Building Oppilo - My Own Ad Blocker


Ad-blockers work in two ways.

One, by blocking requests to ad-servers (like google ad services, doubleclick, etc.)

Two, by hiding content that looks like an advertisment, so that you never see it! Consider Facebook or Twitter where most ads you see are actually sponsored or promoted content.

Oppilo is a chrome extension that blocks all network calls that try to seep through to reach an ad server.

It is incredibly easy to code this up, and is just a few lines of javascript, look!

chrome.webRequest.onBeforeRequest.addListener(
    function() {
      return {cancel: true};
    },
    { urls: [
      "*://*.googleadservices.com/*",
      "*://*.googlesyndication.com/*",
      "*://*.doubleclick.net/*"
    ]},
    ["blocking"]
  );

From the documentation -

The onBeforeRequest is fired when a request is about to occur.

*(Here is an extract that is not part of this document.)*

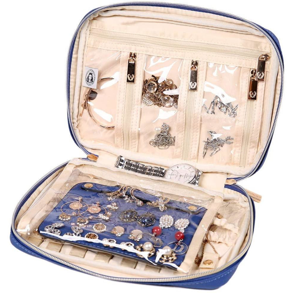 - This jewelry bag uses double metal zippers. The top compartment has 8 stays/bars wich can hold 8 necklaces with 8 transparent delicate pouches. The main compartment has 1 big zippered pouch and 1 open pouch,3 delicate zippered transparent pouches which hold 10 necklaces credit card, sungalss, phone, keys, earrings, rings, watches and other accessories. This case has 1 zippered transparent pouch with 1 plastic board which hold 14 pairs of ear rings and 6-9 rings.
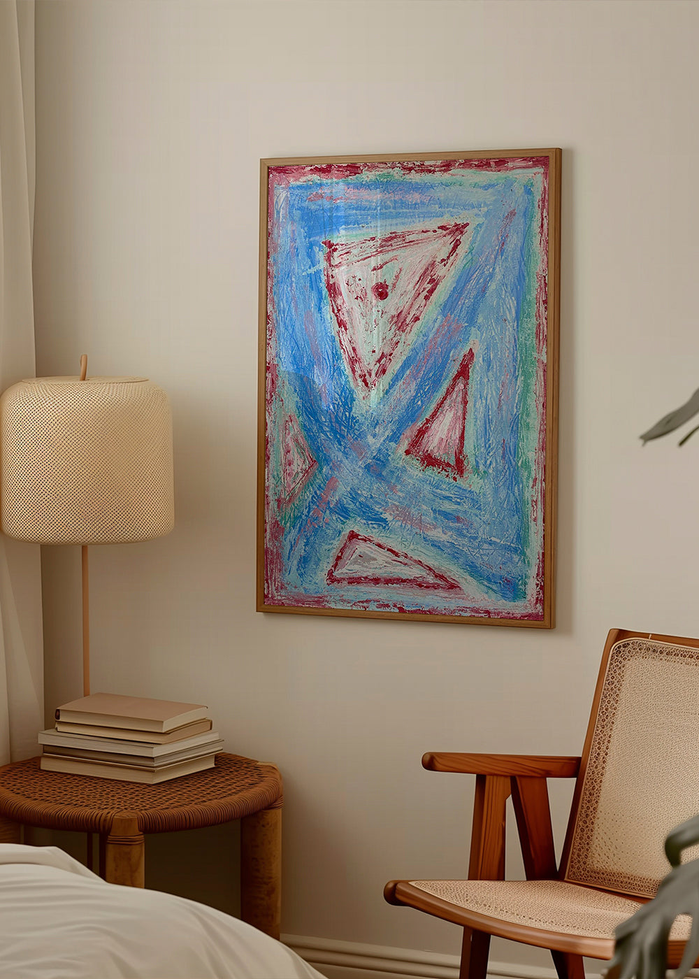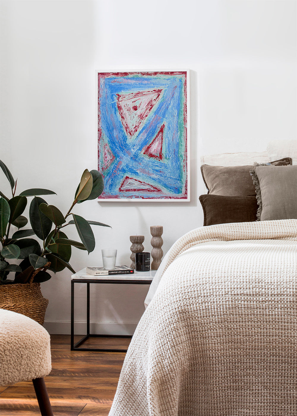 Un poster de la série tableaux abstraits, faite par Elena Camacho Art, avec pigments bleus, et avec orientation portrait. C'est une œuvre d'art abstraite qui donnera une touche moderne au design de vos espaces. Les murs d’une maison habillent cette dernière.

This event is sent before any TCP connection is made and can be used to cancel or redirect requests.

And that is exactly what we do to block ads! We intercept outgoing network connections that lead to ad-servers, and cancel them.

In the code above, the onBeforeRequest takes three parameters - a callback, a filter that can filter requests based on URLs, image requests, etc, and an optional array that specifies how the callback function is to be handled.
For instance, our optional array in the code above contains blocking, which indicates that the callback function should be handled synchronously. This is crucial for cancelling the request as the request is blocked until the callback returns, which eventually returns cancel: true.

That's it! That is the crux of this simple ad blocker! 🙂

Add a manifest to it, and the chrome extension named Oppilo (because Latin words make for fancy names. 😛) is ready! Be sure to add permissions, and link your javascript file to run in the background. (Code here)

I've added only three URLs for filtering. You can expand your list to block away ads from more providers. Here is an exhaustive list.
Also, AdblockPlus is open source and you can look at all of its code here.